Sat Oct 22 09:10:27 CAT 2016

KZN in bid to clear mortuary backlogs

By Mary Papayya | Feb 04, 2010 | COMMENTS [ 0 ]

KWAZULU-NATAL MEC for health Sibongiseni Dhlomo yesterday announced that an interdepartmental task team had been formed to address the backlog in several government mortuaries.

Government mortuaries in the province are overcrowded, with unclaimed bodies piling up.

Dhlomo said the team had been given a week in which to address the problem.

The task team comprises officials from both the department of health and South African Police Service detectives unit.

First on the list for the task team is Durban's Gale Street mortuary, where about 185 corpses are being kept - many unclaimed and unidentified.

The mortuary can only handle 160 bodies. New corpses are being sent to other mortuaries in the city.

Dhlomo said the team would also probe complaints about poor service due to staff shortages and bad smells at some mortuaries, including Gale Street, Pinetown, Phoenix and Pietermaritzburg in particular.

"We are committed to addressing the problems within a week. We know that people complain about decomposing bodies but the nature of forensic work involves receiving bodies in an unpleasant state and others already in the process of decomposition," Dhlomo said.

"We must also indicate that we are still in the summer season, with high temperature that last longer in these parts."

He said the major cause of the overcrowding was the public's inability to inform the police early if their next of kin has disappeared or is presumed dead.

"This means that we must keep bodies until the whole identification process has been exhausted," he said.

Yesterday Dhlomo met workers at the Gale Street mortuary. He urged them to support the plan to bring operations back to normal and ensure that people coming to identify their relatives receive the best service befitting their bereavement.

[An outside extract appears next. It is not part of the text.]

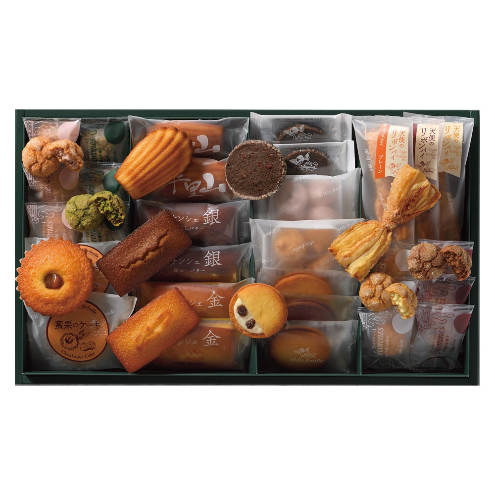 フィナンシェ金・フィナンシェ銀(焦がしバター)・千里山マドレーヌ・蜜栗のケーキ各2、チョコチップクッキー×2、天使のリボンパイ3種、クリームサンドラング2種計3、ココナッツミルク4個入、マカロンベリー4個入、ポルポローネ4種各3
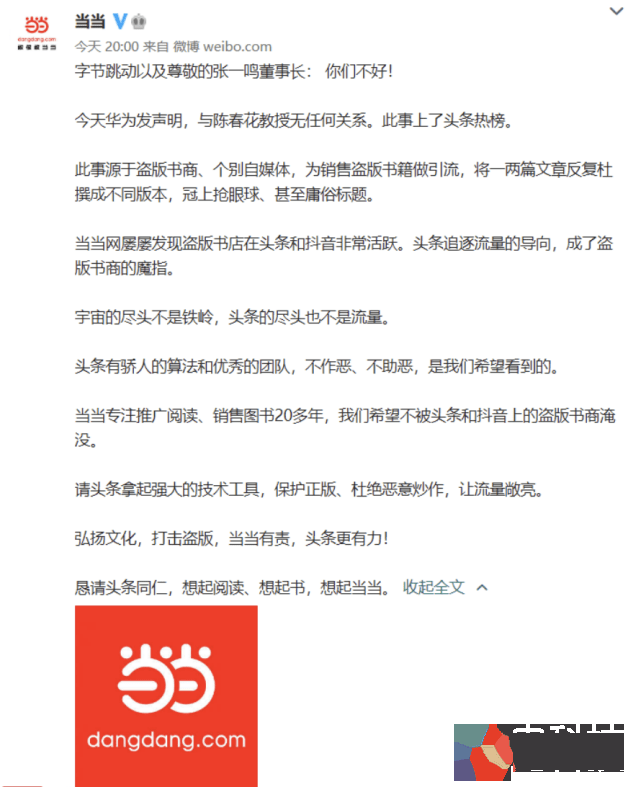 而当当网的公开信从华为-陈春花教授事件绕到头条、抖音助纣为虐销售盗版书,未免无厘头了,这流量“蹭”得不太高明。因为陈春花教授团队任由网络上充斥上万条谣言营销号文章,显然不是为了让盗版商借此引流侵犯自己的版权。所以当当网公开信的底层逻辑其实是有些站不住脚的。

A psychologist has also been seconded to the mortuary to provide support and counselling.

A senior member of the task team and chief forensic pathologist Steven Naidoo is confident that the problems will be resolved soon.

"At least we now approach this challenge as a team. We have agreed on protocol to be followed so that we can ensure that legal requirements for the identification processes using techniques such as finger prints, X-ray, dental records and DNA are met.

"In the coming week we will be operating from the Phoenix mortuary, where we will do most post-mortems to clear the mortuary (Gale Street) and also ensure that all new cases are dealt with," he said.